Below is a complex quadratic equation I think I have solved.
$z^2-2z+i=0$ gives $z=\frac{2\pm\sqrt{4-4i}}{2}$. This becomes $z=1\pm\sqrt{1-i}$ with some basic algebra.
My question is: am I done here? In prior problems I had to evaluate expressions such as $\sqrt{i-1}$ to find it equivalent to $\sqrt[4]{2}*\operatorname{cis}(3\pi/8)$ and $\sqrt[4]{2}*\operatorname{cis}(11\pi/8)$. Hopefully this question is not as rudimentary as I suspect it to be!

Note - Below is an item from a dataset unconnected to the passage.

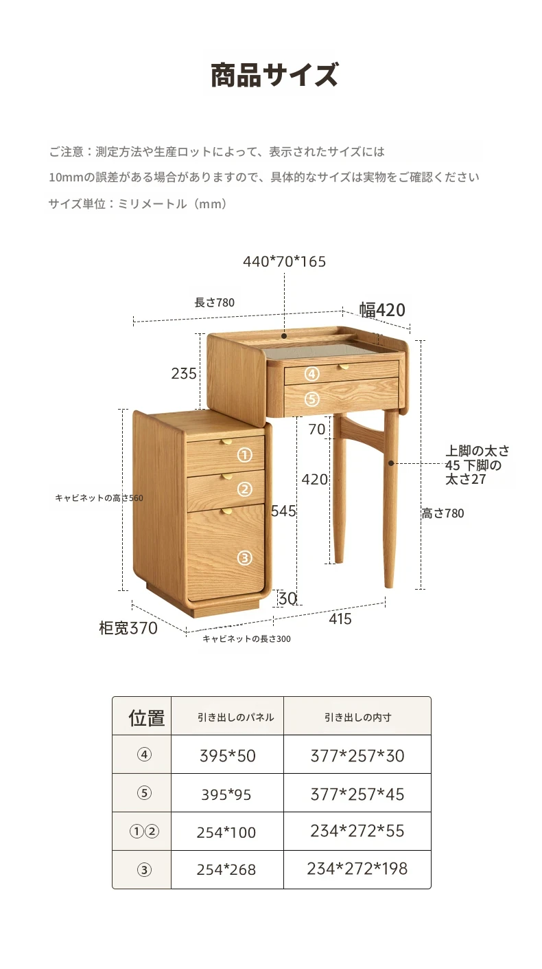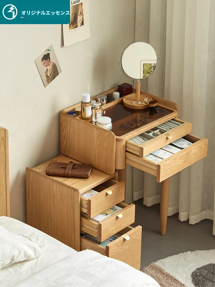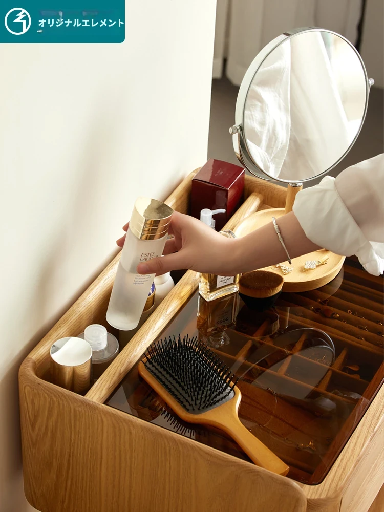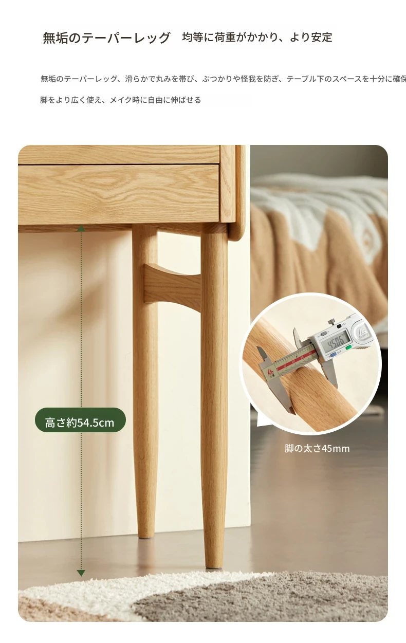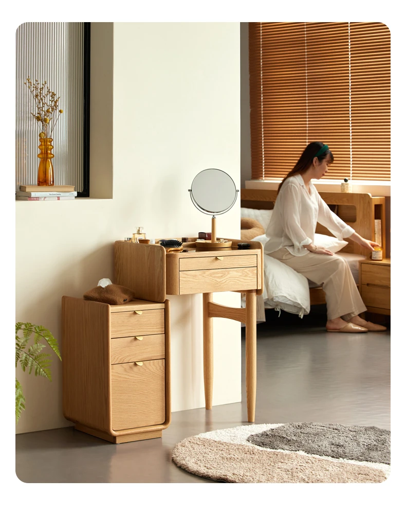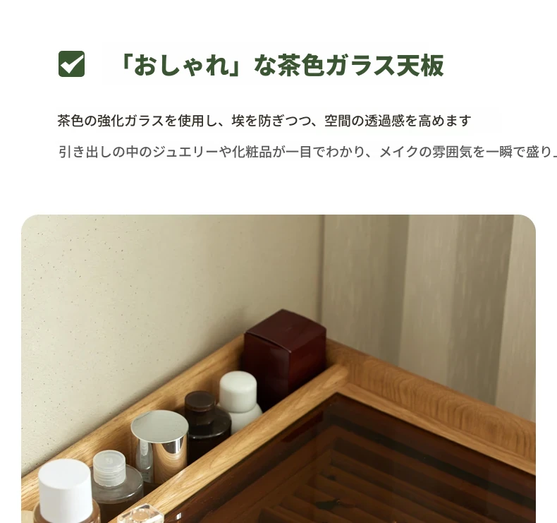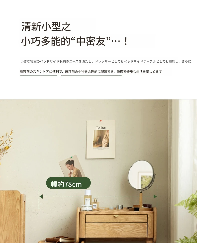 原木風デザインの実木ドレッサー|伸縮機能付きのコンパクト収納キャビネット|オーク材使用|おしゃれで機能的な化粧台一体型|あなたの寝室をもっと素敵に!
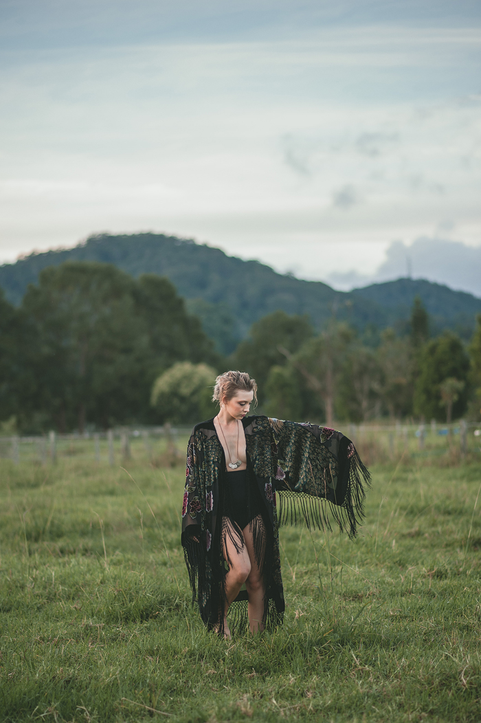 This session was a way for a few of us to let off a little creative steam & had been a long time coming. Many thanks to hair & horse whisperer Kate, make-up artist Belinda & craftswoman (of skirts made from curtain lace) Jade 🙂 The beautiful velvet kimono is available through Shantique Designs.

Using the quadratic formula is really not the way to go here. You are ending up with a complex number inside a square root, which is problematic. Here is my take on it for the set up: Completing the square is much better: $(z-1)^2=1-i$. If you momentarily consider $z-1=w$, then we have $w^2=1-i$. It seems you are familiar with $cis$, so let's go down that route. $|w^2|=\sqrt{2}$ and argument is $-\pi/4$. So for $w$ we have $\sqrt[4]{2}$ and two new angles: $-\pi/8$ and $7\pi/8$. Use these values for $cis$. Technically you solved it for $w$ and thus for $z-1$. Adding $1$ solves it for $z$. Now it becomes a trig issue to figure out what things like $cis(-\pi/8)$ would be, but that can be done with some well known half angle formula trig identities. It involves a square root within a square root, but maybe you can try to find that out. Hope this helps...